Now for the dog bite. I ran down to work Monday morning to change my availability for next month. I was on my way home and running in the 1600 block of 7th avenue when two dogs ran at me and started jumping on me. I was screaming and one of the dogs bit me. I yelled at the woman then had an emotional breakdown and walked home crying. My leg bruised and swelled up so I went to the health center that afternoon to have it checked out. They have to report any animal bites to animal control. The next morning an animal control officer came and took my statement. He went down and quarantined the dog. He found that the dog did not have its rabies vaccinations. The owners got cited for vicious dog, lack of shots, and lack of tags. Hopefully I will not start foaming at the mouth, but you never know. Also, if the owners plead not-guilty to the vicious dog charge I will have to go to municipal court to testify, I’m pretty sure they would have to be pretty dumb not to plead guilty, but we’ll just see what happens.

And that is the story.

So Yeah…

Last night I got punched in the face. I’m sorry to say that I was so drunk that I cannot give you the complete details, all I know is that the side of my face hurts like a mf today so I’m assuming that in addition to getting clocked in the face I must have been hit upside the head as well. I won’t get into all the details, but it involves stupid work drama with some dumb bitches. Anyway, I feel like complete hell today, hangover + hurt face. I think that I am going to cut back drastically on the drinking. I didn’t drink much at all this semester after the block party shenanigans and then I started up again about 10 days ago, and I think that I now need to cut back again. Too bad seeing as next weekend is Halloween, but I guess I’ll be able to remember everything if I take it easy on the alcohol.

Lazy Lazy Lazy

I guess I did do a 2 mile open water swim this morning, so technically I deserve to laze around, but now I am just doing nothing and its making me feel like a bum. I watched the movie Food Inc earlier and while I do pretty well with the whole eating organic business, it made me want to be even better. The video footage from the farms where chickens are raised was frightening. I am feeling less and less inclined to eat chicken ever, and if I do, well definitely no Tyson! It didn’t show any footage from Monfort, but mentioned it, which was weird.

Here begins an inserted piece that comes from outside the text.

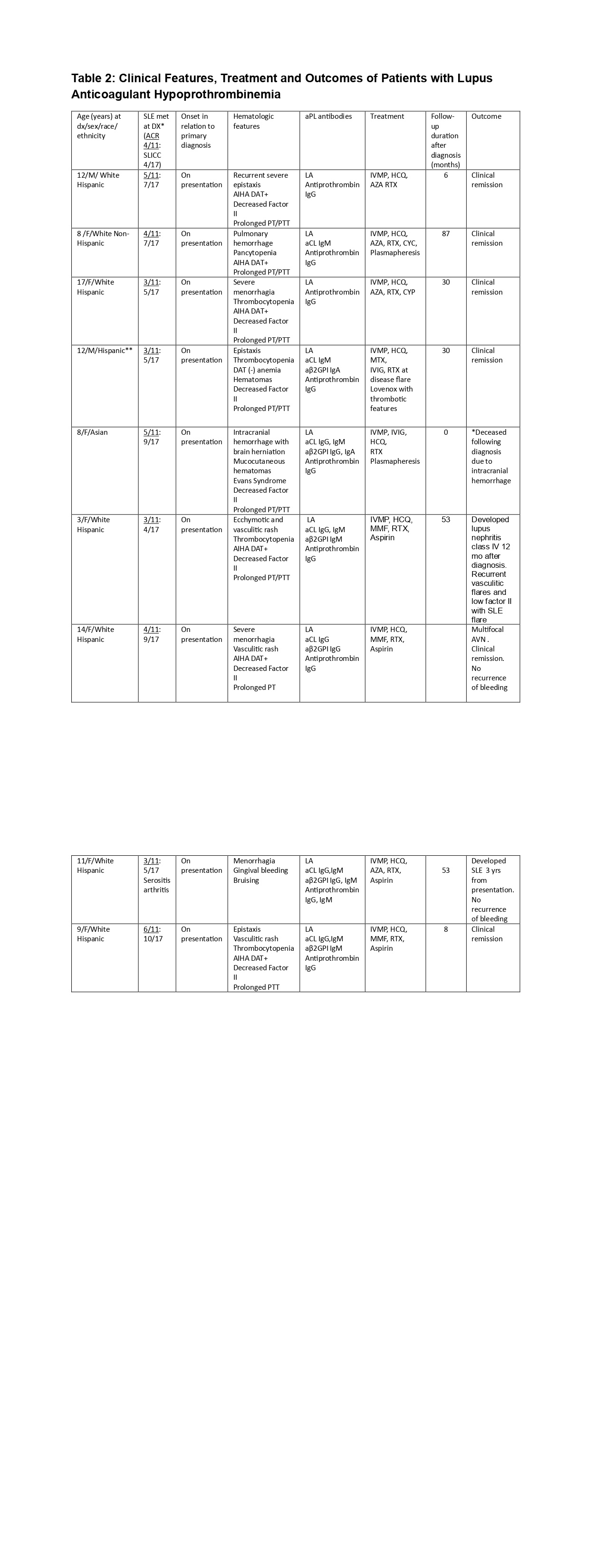***LAHPS lupus anticoagulant hypoprothrombinemia, AIHA autoimmune hemolytic anemia, DAT Direct antiglobulin test, LA lupus anticoagulant, aCL anticardiolipin; aβ2GPI anti–β2-glycoprotein I, IVMP intravenous methylprednisolone, IVIG intravenous immunoglobulin, AZA azathioprine, HCQ hydroxychloroquine, MTX methotrexate, MMF mycophenolate mofetil, RTX rituximab, CYC cyclophosphamide, AVN avascular necrosis

In other news the first line of my horoscope tells me that I have a partnership that’s growing into a rewarding situation. Well that sounds promising, but a. I think that is crap and b. later it says that the gentleness in which I deliver my advice to others is much appreciated. I’m fairly certain “gentleness” is not one of my fortes.

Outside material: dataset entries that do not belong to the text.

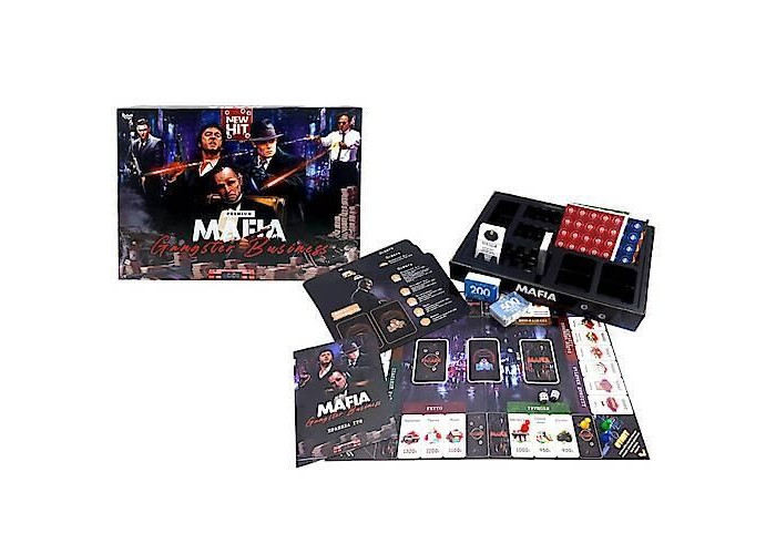 Комплектація 24 картки бізнесу, 28 картки подій, 44 картки мафії, 16 карт помічників, 180 грошових купюр, 4 фішки бомби, 96 фішок впливу, 4 фішки гравця, 2 кубики, ігровий органайзер.
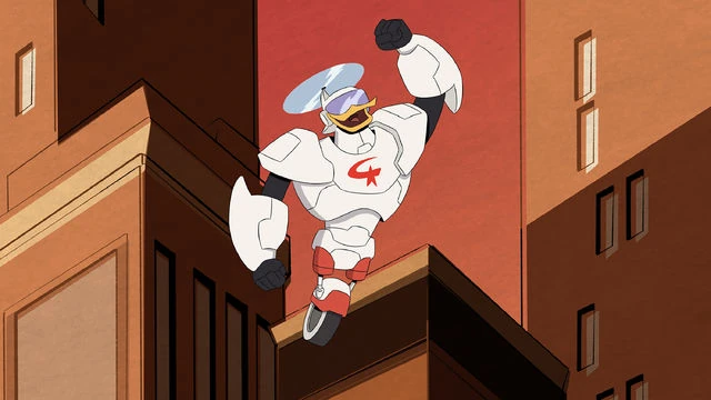 After more and more heroics, Fenton Crackshell-Cabrera's robotic identity Gizmoduck has become famous and Huey Duck's idol. The "famous" part catches the attention of hype-maniac Mark Beaks, who attempts a corporate (and, if possible, corporal) takeover of the Gizmoduck brand and suit.
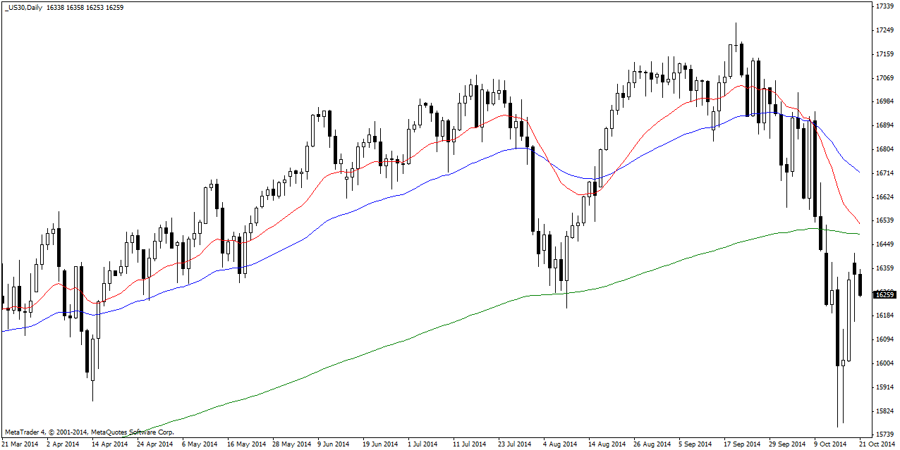 Dow 30 The Dow Jones sold off in the early session of Monday trading but managed to turn back and close higher for the day at 16338. The Dow appear that it has some work to do to edge higher however positive momentum in the general US indices is likely to spill into the Dow.
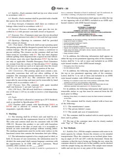 • Capacity and Volume: Specifies that the container’s maximum rated capacity shall not exceed 5 liters (1.3 gallons), with total volume at least 5% greater than the rated capacity.
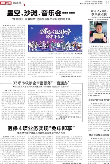 早报12月27日讯 12月31日晚8时到12时,“望星崂山·浪漫相牵”崂山跨年星空音乐会将在流清湾畔举行。来自青岛的极光乐队、TOP乐队、老街乐队、蓝点乐队将为广大市民和游客带来一场极具浪漫气息的跨年音乐会。本次活动为纯公益演出,无需购买门票。
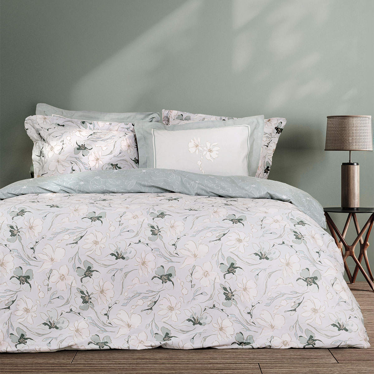 Σετ γίγας σεντόνια σε γκρι φόντο, με βεραμάν λεπτομέρειες και φλοράλ σχέδιο από την εταιρεία Nima. Το ύφασμα είναι 100% βαμβάκι 144 κλωστών που τα καθιστά ανθεκτικά και απαλά. Στο σετ περιλαμβάνονται οι μαξιλαροθήκες oxford. Υπάρχει επιλογή τύπου κατωσέντονου με ή χωρίς λάστιχο. Συνδυάστε τα με τα υπόλοιπα είδη του ίδιου σχεδίου για ένα ολοκληρωμένο αποτέλεσμα.
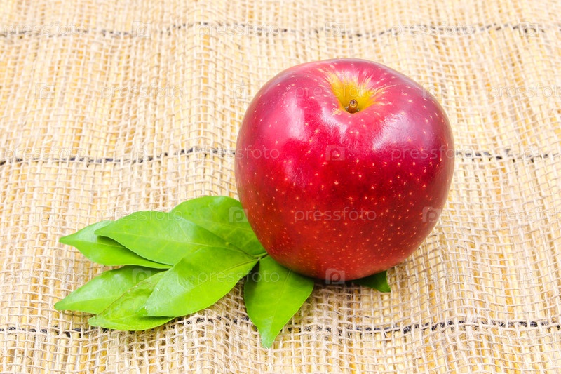 Свежие красные яблоки на мешке

Le sigh, I am NOT feeling my classes at all this semester. My weeks are going to be jam packed and I just want the whole sitting in class thing to be over, but then I have to do the whole student teaching business not to mention I have to freaking make decisions about where I want to student teach pretty much like yesterday. Real life is creeping up on me and it’s scary, perhaps that’s why I’ve gotten blackout drunk the last two Friday nights in a row…wHoopsies!